- _Entries shown_:

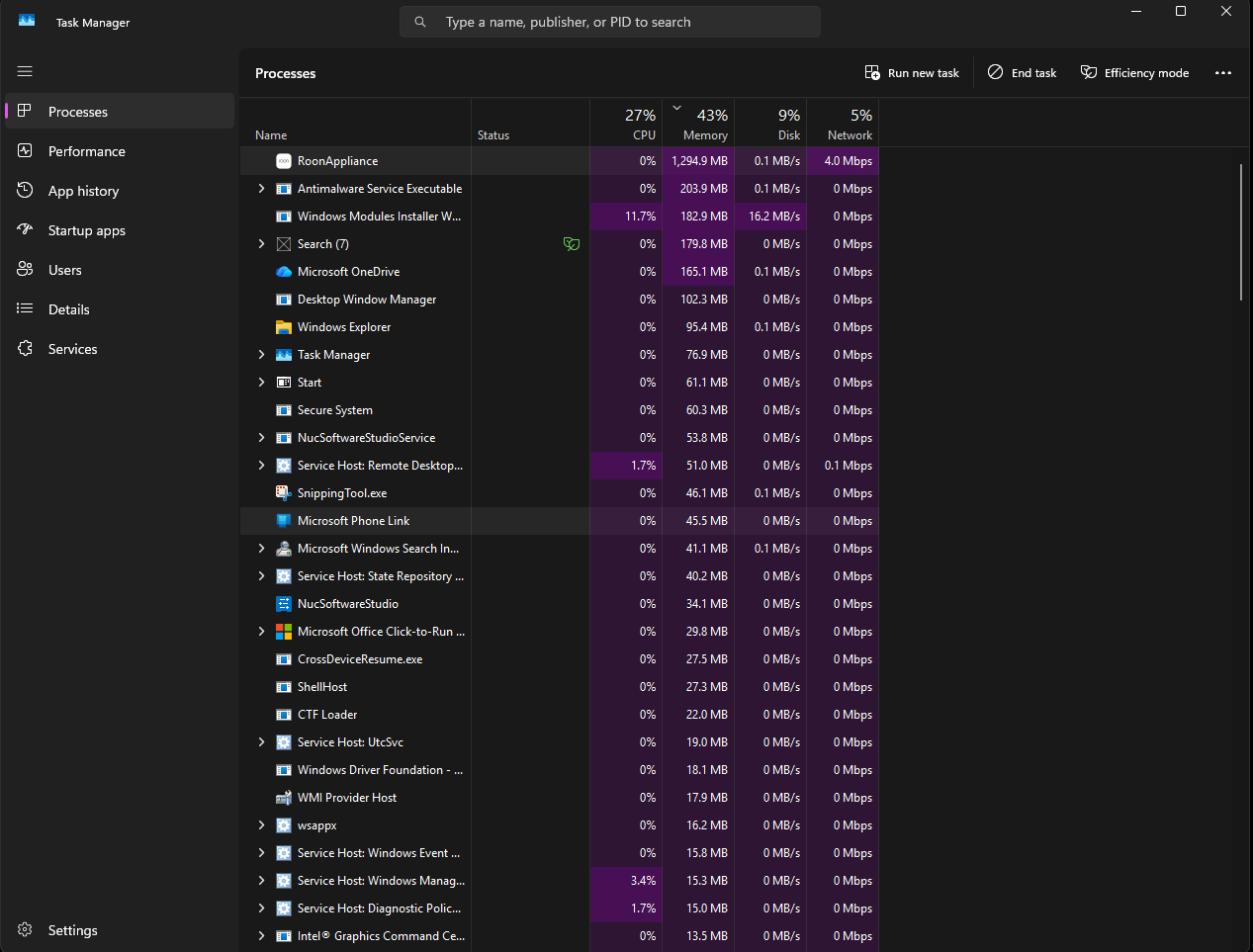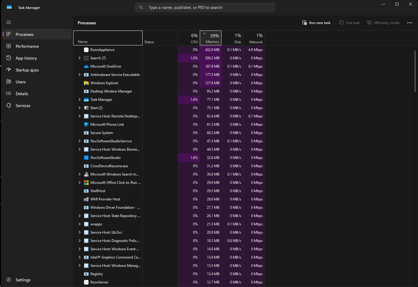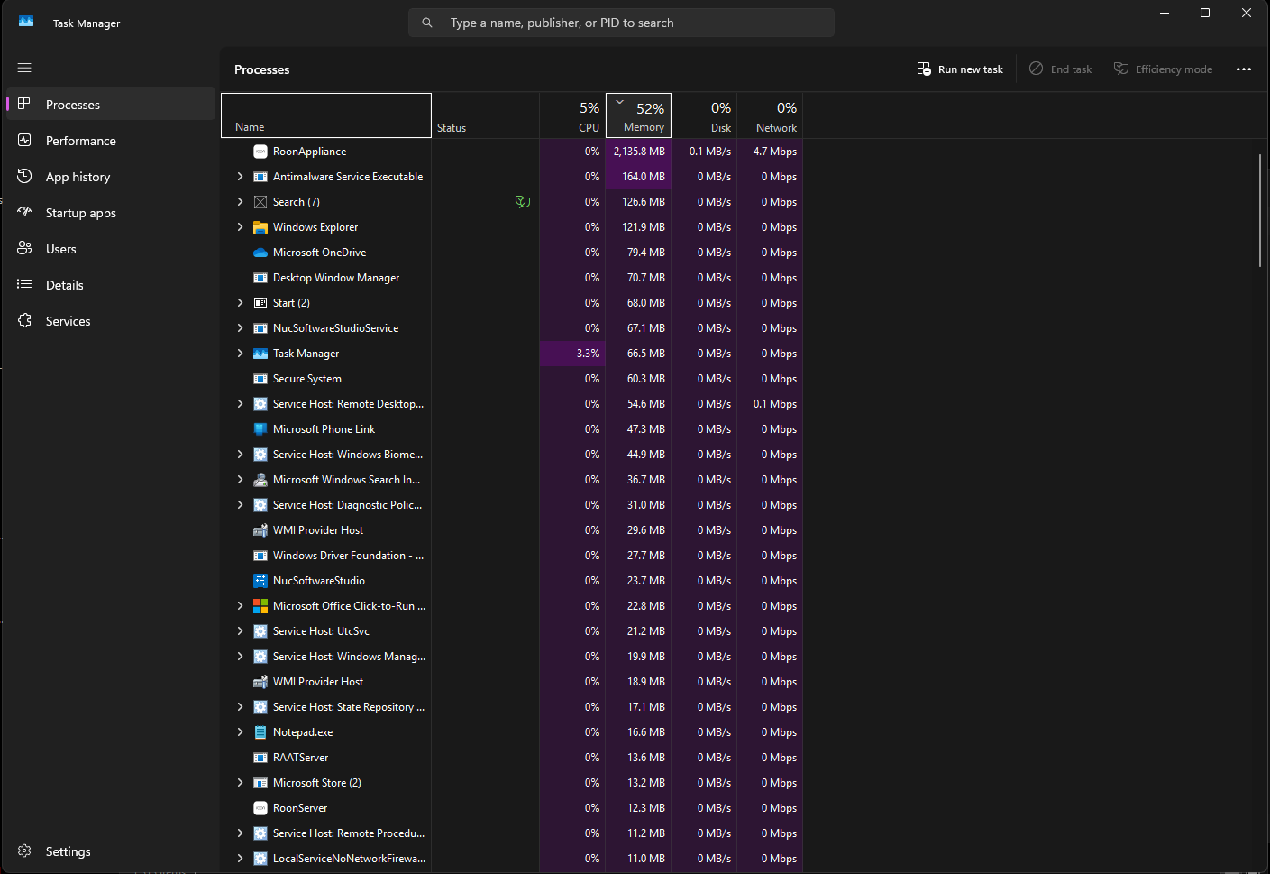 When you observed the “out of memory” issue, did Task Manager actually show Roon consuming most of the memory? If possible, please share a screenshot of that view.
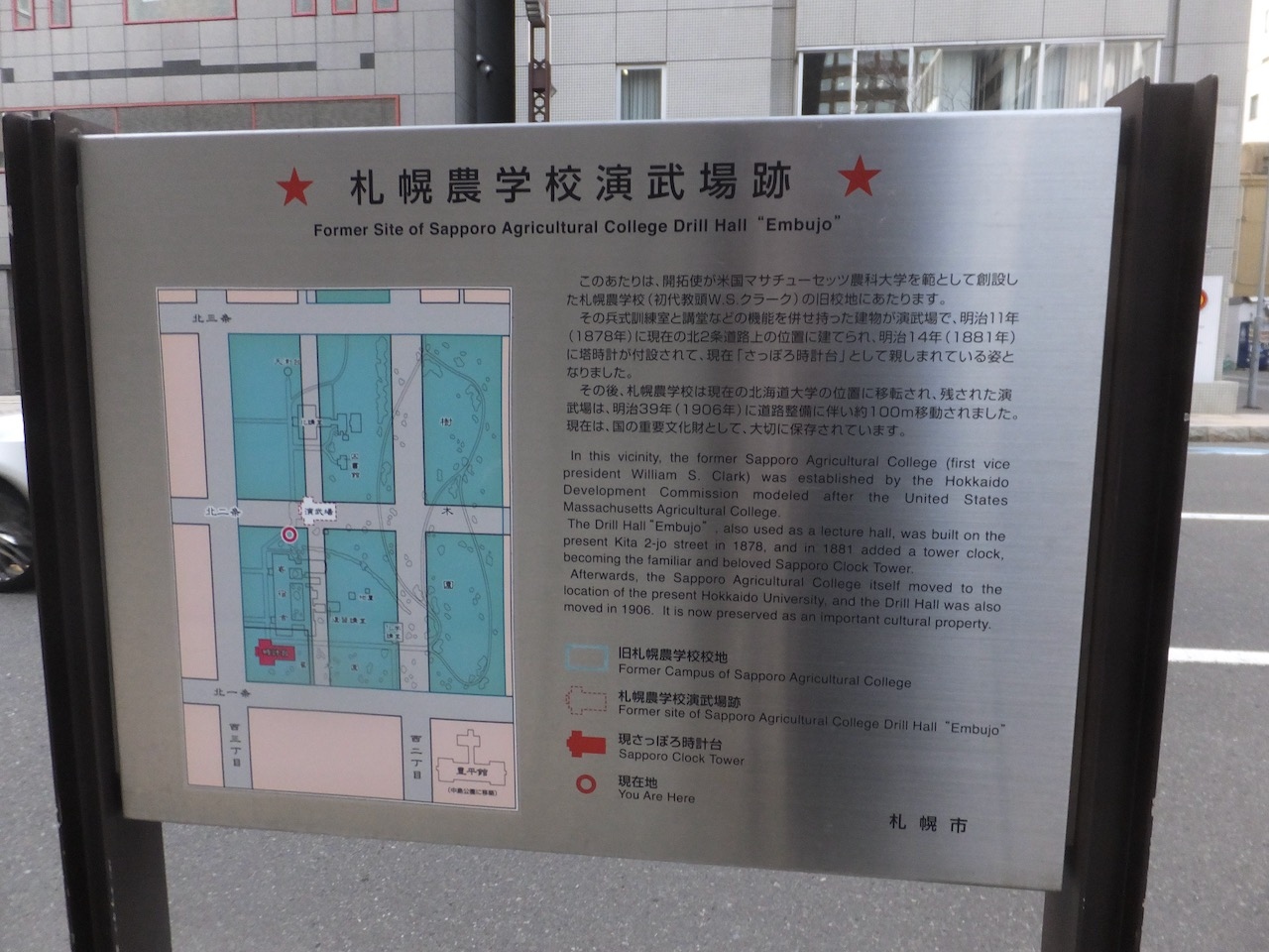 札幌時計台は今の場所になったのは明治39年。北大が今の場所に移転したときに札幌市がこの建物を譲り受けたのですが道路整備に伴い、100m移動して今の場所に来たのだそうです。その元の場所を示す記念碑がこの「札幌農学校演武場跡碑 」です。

* * *

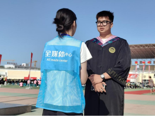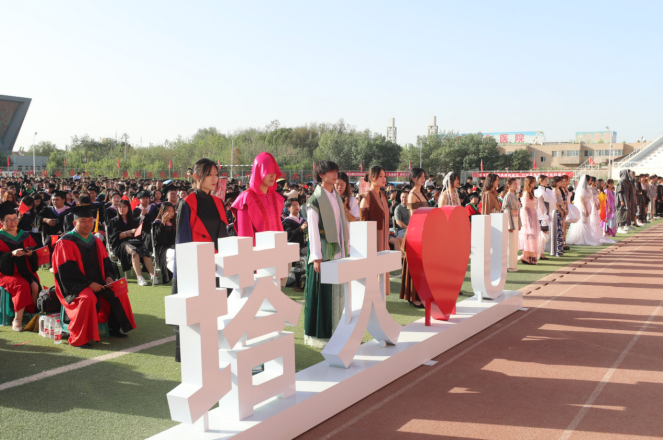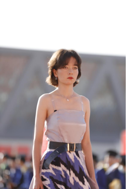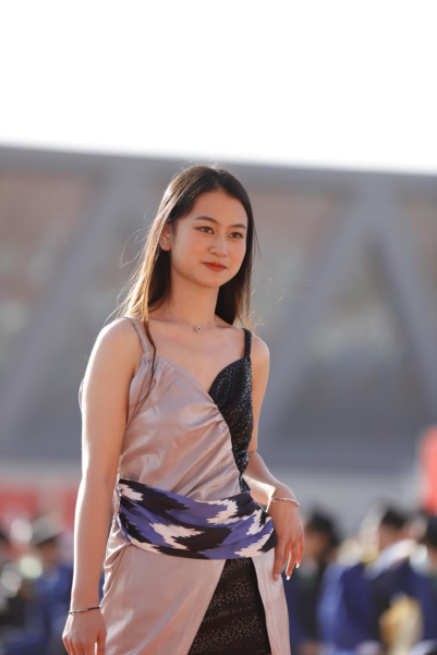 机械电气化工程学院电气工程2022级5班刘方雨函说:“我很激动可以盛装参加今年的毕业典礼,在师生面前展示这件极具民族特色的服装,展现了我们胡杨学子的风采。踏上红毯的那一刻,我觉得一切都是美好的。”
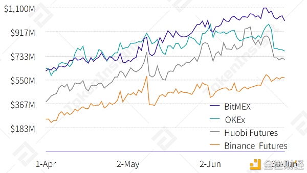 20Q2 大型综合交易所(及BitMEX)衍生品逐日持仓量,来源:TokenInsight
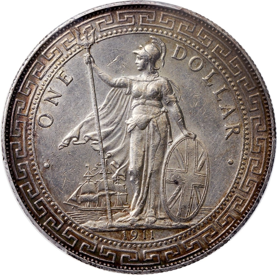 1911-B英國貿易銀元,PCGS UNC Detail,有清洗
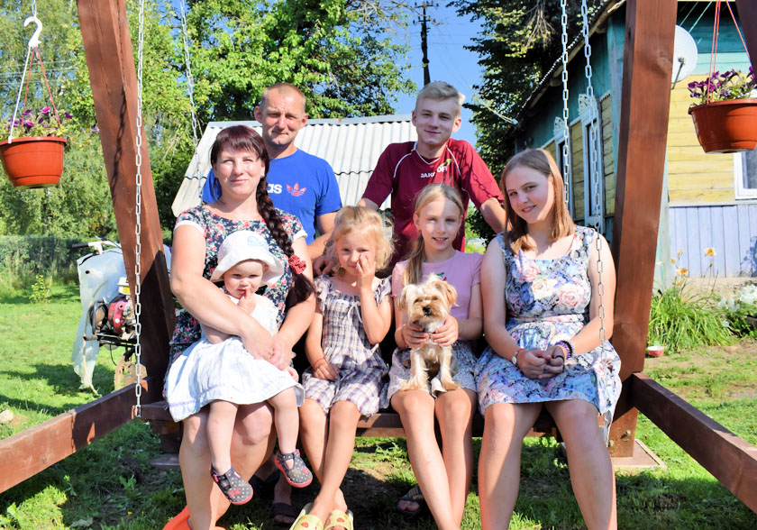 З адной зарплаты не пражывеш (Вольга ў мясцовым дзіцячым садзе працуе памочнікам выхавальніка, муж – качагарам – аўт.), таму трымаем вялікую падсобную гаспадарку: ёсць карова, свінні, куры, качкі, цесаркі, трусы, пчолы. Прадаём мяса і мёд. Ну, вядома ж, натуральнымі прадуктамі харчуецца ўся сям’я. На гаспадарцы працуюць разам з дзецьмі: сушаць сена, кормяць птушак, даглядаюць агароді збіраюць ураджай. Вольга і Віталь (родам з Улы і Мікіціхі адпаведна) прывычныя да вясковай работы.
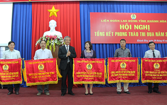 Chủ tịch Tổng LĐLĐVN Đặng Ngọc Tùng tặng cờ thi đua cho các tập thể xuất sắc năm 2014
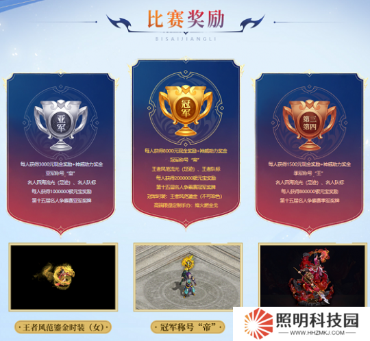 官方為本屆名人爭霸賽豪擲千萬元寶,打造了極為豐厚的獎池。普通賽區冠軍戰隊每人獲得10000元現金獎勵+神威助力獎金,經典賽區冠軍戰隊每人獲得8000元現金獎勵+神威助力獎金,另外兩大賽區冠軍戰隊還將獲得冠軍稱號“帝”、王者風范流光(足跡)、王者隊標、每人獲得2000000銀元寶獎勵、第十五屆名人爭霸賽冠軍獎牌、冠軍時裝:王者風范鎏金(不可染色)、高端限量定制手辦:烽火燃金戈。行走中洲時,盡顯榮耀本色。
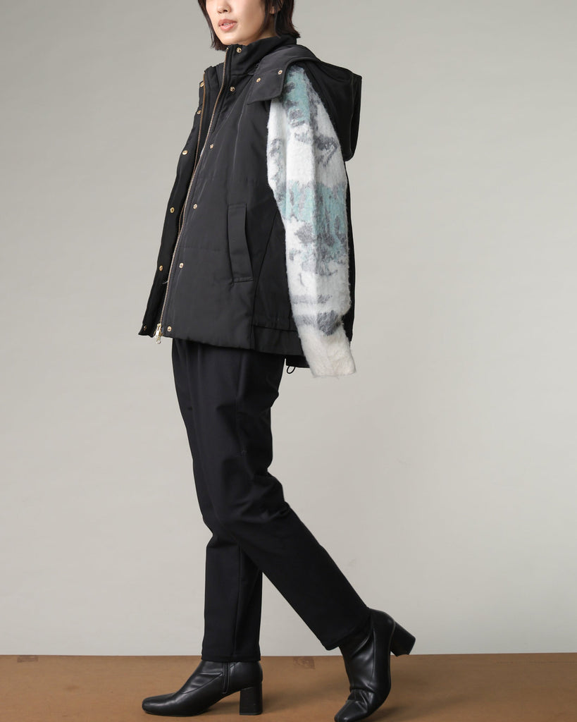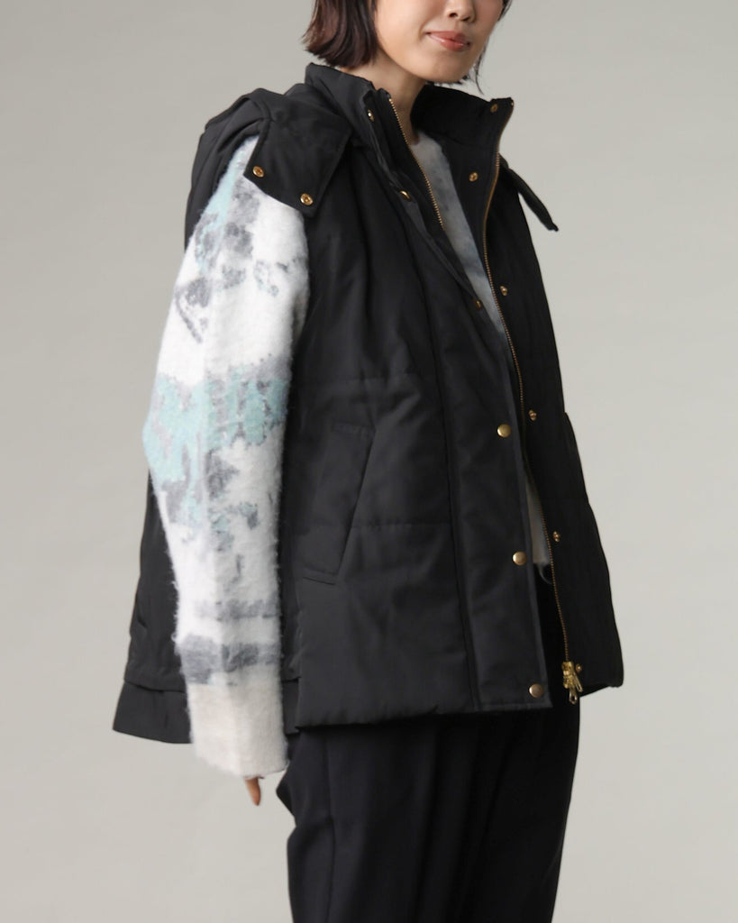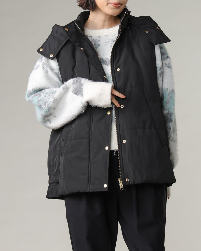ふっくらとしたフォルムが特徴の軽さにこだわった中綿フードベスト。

- _Aim of the task_: Only the lines between the one with "When you observed" and the one with "札幌時計台は今の場所になった", those two included, get copied from the material above. Keep it exact and free of pictures.

- _Solution_:
 When you observed the “out of memory” issue, did Task Manager actually show Roon consuming most of the memory? If possible, please share a screenshot of that view.
 札幌時計台は今の場所になったのは明治39年。北大が今の場所に移転したときに札幌市がこの建物を譲り受けたのですが道路整備に伴い、100m移動して今の場所に来たのだそうです。その元の場所を示す記念碑がこの「札幌農学校演武場跡碑 」です。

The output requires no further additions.